There has been a lot of talk about Canada needing to split in order to expand further into untouched territory and “develop.” Of course, more teams would be great, but the realistic prospect of country-wide expansion is low. If you added a team to every team-less city with a population over 150,000 in the entire country, you would add less than 15 teams. Exactly two of these teams would be outside of Ontario or Quebec (active teams were defined by having a Facebook page active within the last 12 months).
It is not realistic to expect that Western Canada will ever be able to support even a quarter of the number of teams that Eastern Canada can support. Even if Western Canada grows, Eastern Canada will likely outpace it. It was ridiculous to try and make the bulk of Eastern teams travel to Vancouver, a city with only two QC teams, for last season’s  Nationals. Either this absurd situation will occur again, or all other teams must always spend $800 or more to fly to Nationals.QC thus faces a choice, hold Nationals in the East and have Western teams face recurring travel costs, or hold the tournament in the West and have the vast majority of the teams be either unable to attend or themselves face a heavy travel burden.
Secondly, 75 percent of Canadians live within 100 miles of the US border, which makes it immensely easier for most teams to play American neighbours than to play someone in the next province.
Why would anyone want to restrict cross-border play in this situation? And let me be clear: all indications are that Quidditch Canada requested this policy.
QC says the policy was necessary “to develop and advance the sport.” How does preventing teams from playing competitively in the US do this? UBC has become more developed as a result of playing tougher American teams. Despite competing in the US, we have never ignored other Canadian teams. UBC plays and organizes local tournaments with QC teams. The team also practiced with the mercenary team that ultimately won the  Canadian National Championship. We played a friendly with McGill Univeristy at Nationals. When we go and play distant teams, we develop and pass that experience on. Now that we’ve seen a zone defence in action, we can play it against a team who’s never seen it, and they can learn.

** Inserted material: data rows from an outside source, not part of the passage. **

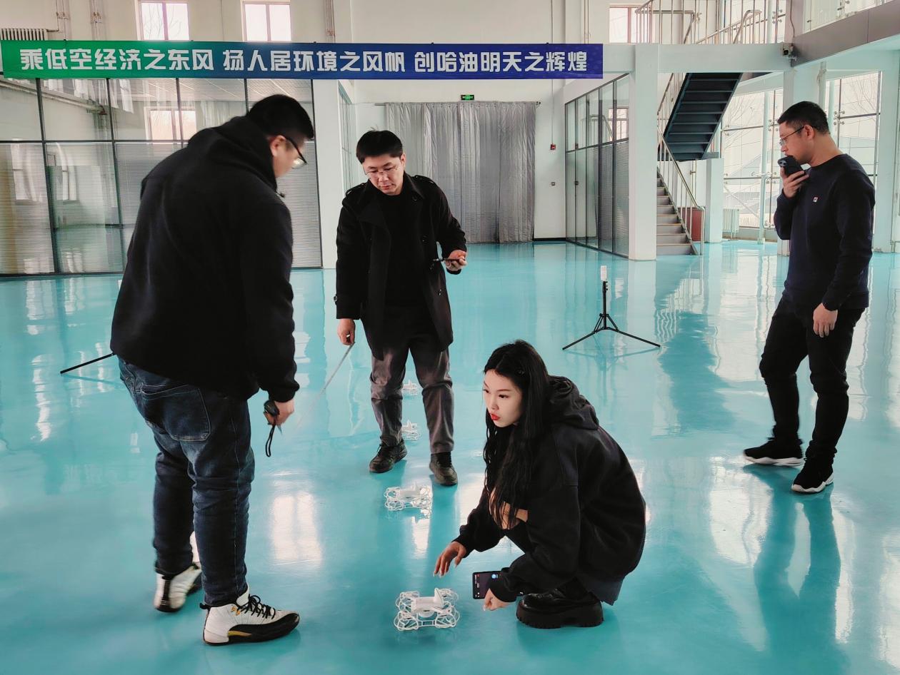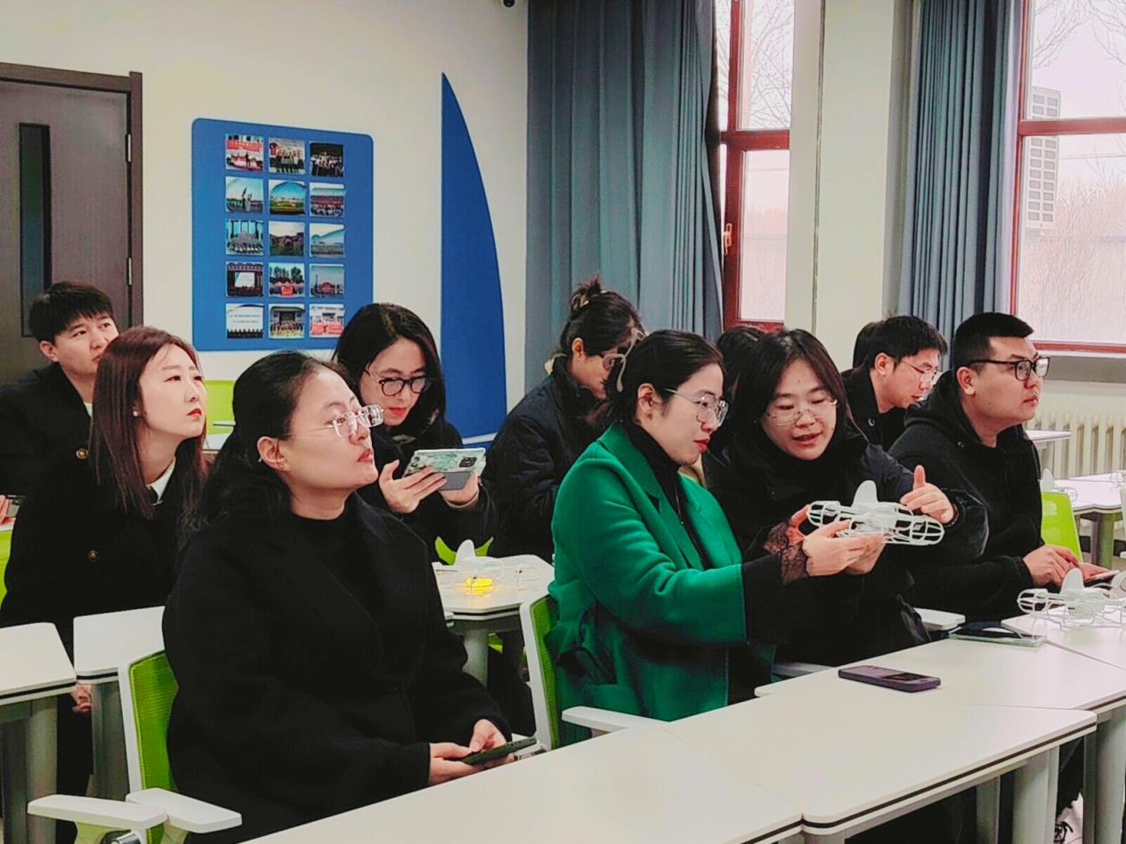 培训过程中,哈尔滨达尚科技有限公司的培训师凭借其丰富的行业经验和专业知识,通过线上直播,深入浅出地讲解了Fylo无人机电脑scratch PC端和Fylo APP端编队的操作技巧,以及安全注意事项。理论授课结束后,培训进入紧张而精彩的无人机编队实际操作环节。在智能建造综合实训馆内,培训师指导教师们进行无人机编队飞行操作。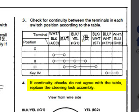 Use a voltmeter to check for battery voltage between the BLK/YEL wire and the body ground with the ignition switch ON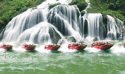 张家界西线旅游景区引进的新西兰飞艇穿越茅岩河瀑布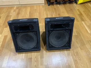 Par de altavoces pasivos Pyle Pro PDAH879 en buen estado. Son compactos y resistentes. - Sistema de 2 vías. - Un altavoz de agudos de bocina super X7" de 3". - Un subwoofer de 8". - Potencia: 150W RMS, 300W pico. - Respuesta de frecuencia: 50-20 kHz. - Impedancia: 8 ohmios. Solo esta semana 90€ Par de monitores pequeños (sin marca) - Sistema 3 vias. - Altavoz de agudos de 1". - Altavoz de medios de 5'25". - Subwoofer de 8". - Potencia 100W RMS, 200W pico. - Frecuencia 50-20kHz. - Impedancia 8 ohmios. Solo esta semana 75€ Los 4 altavoces 150€

Quidditch Canada says without the policy, there would be “two bodies serving Americans and nobody committed to serving Canadians.” Is Quidditch Canada suggesting it was only serving Americans prior to this policy? Or would one or two American teams playing both leagues drastically change the organization’s  priorities? Would Quidditch Canada be unable to prevent itself from bending over backwards to a couple of teams from south of the border? Not to mention that if both leagues allowed international teams, there would actually be two bodies serving Americans and Canadians.
Here is the real reason for the policy: Quidditch Canada cannot offer the same league quality as USQ, and it’s losing grip on its teams. After a terrible first season, teams want out. They want a higher level of competition and better organization. Rather than allow teams to play in USQ while they work together on developing these things, Quidditch Canada is kidnapping fleeing teams and locking the door.  

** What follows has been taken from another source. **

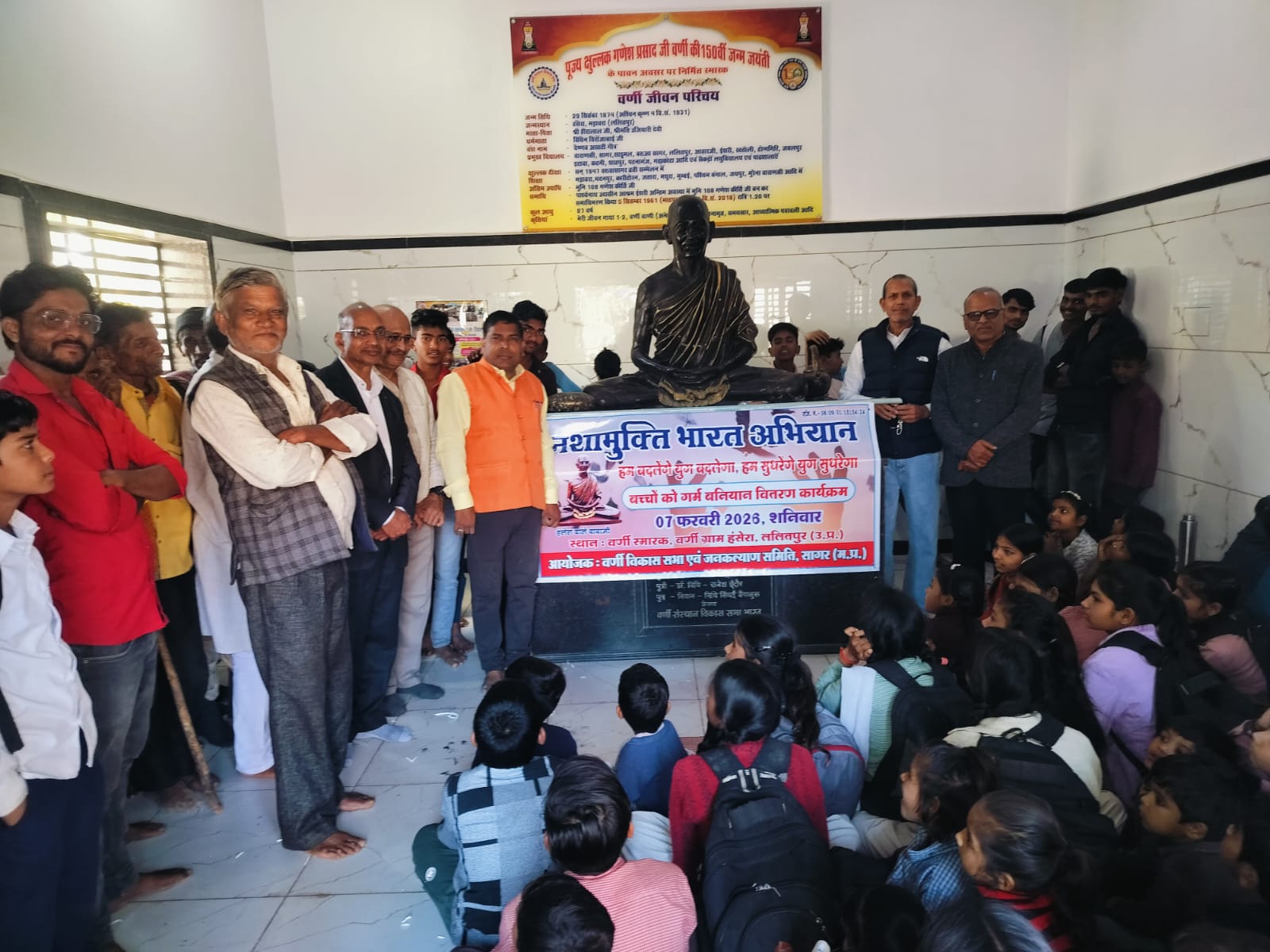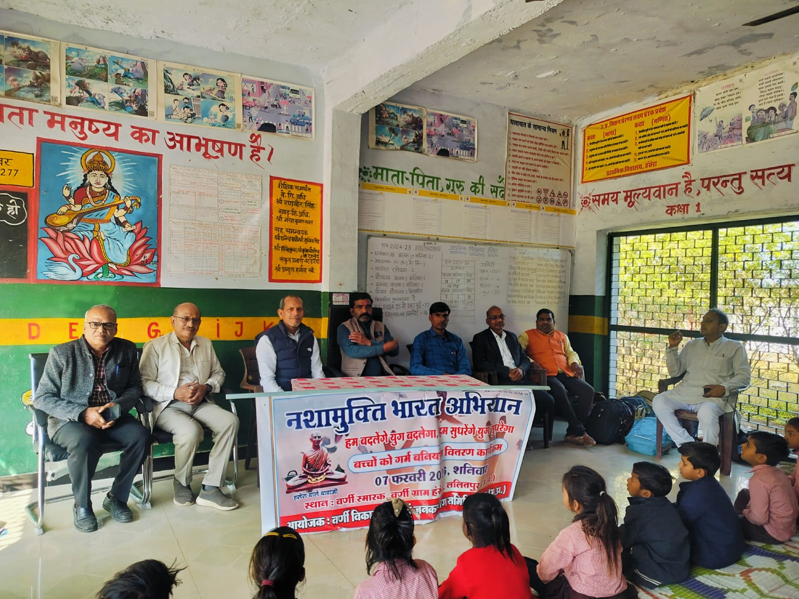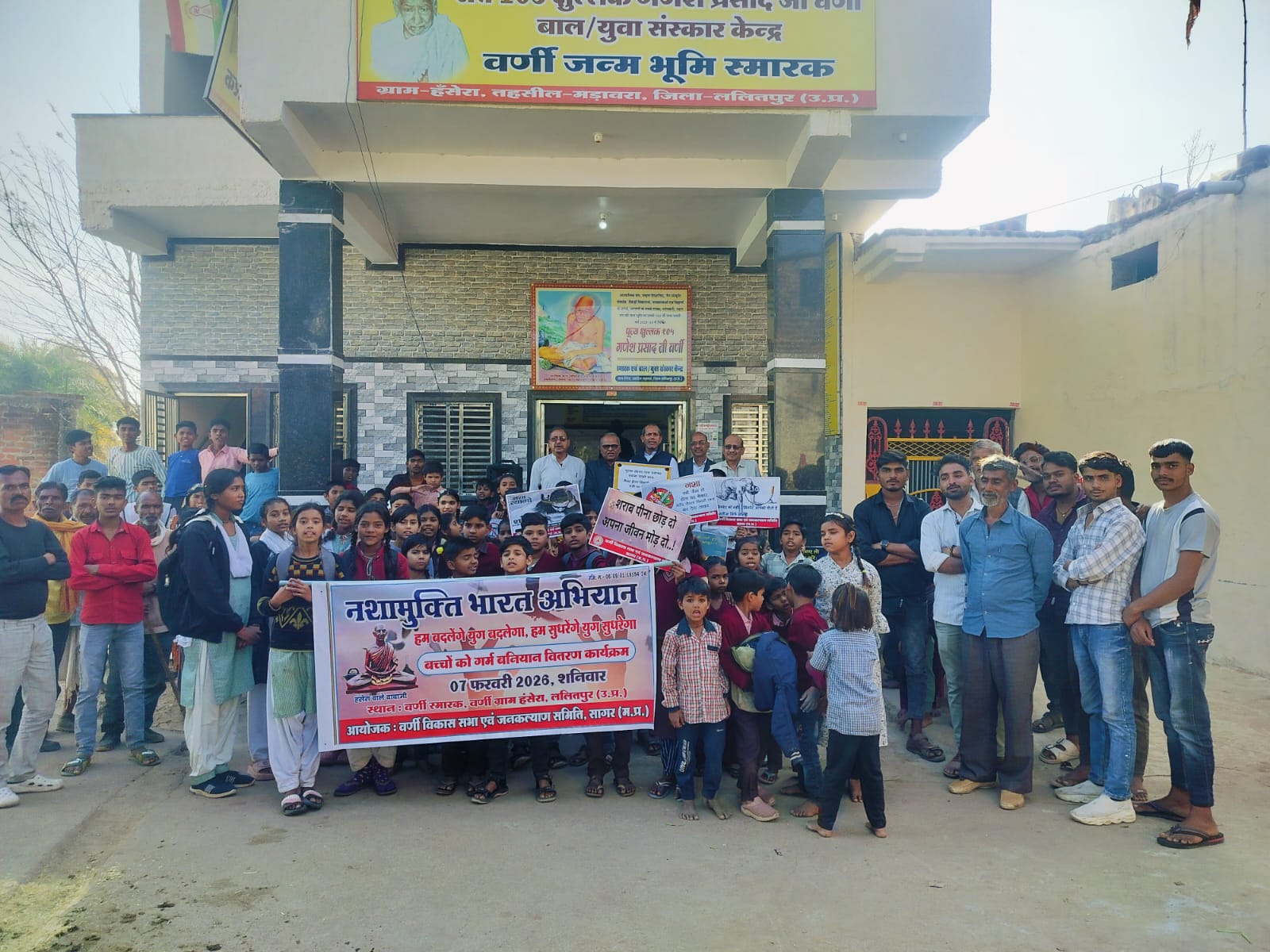 वर्णी ग्राम हंसेरा होगा, नशा मुक्ति, छात्र-छात्राओं सहित ग्रामीणों ने ली नशा छोड़ने की शपथ 200 बच्चों को गर्म बनियान का वितरण

Here’s another metaphor: Americans loves free markets, right? In a free market system, Quidditch Canada should be bleeding teams. Its product doesn’t work, it’s lower quality than the alternative, and, although I believe its leaders have good intentions, they are not attentive to its members’ needs. Quidditch Canada should either be improving or going out of business. Instead, it’s gone across the street to its competitors and divided up the town into two monopolies.
I don’t begrudge any team wanting to stay with Quidditch Canada. But I don’t want to be restricted to play for a league that doesn’t benefit me. I want to play the hardest teams I can, and when there’s finally a World Cup in the West, I want to attend. So if anyone out there has the car keys, I’d like to get out.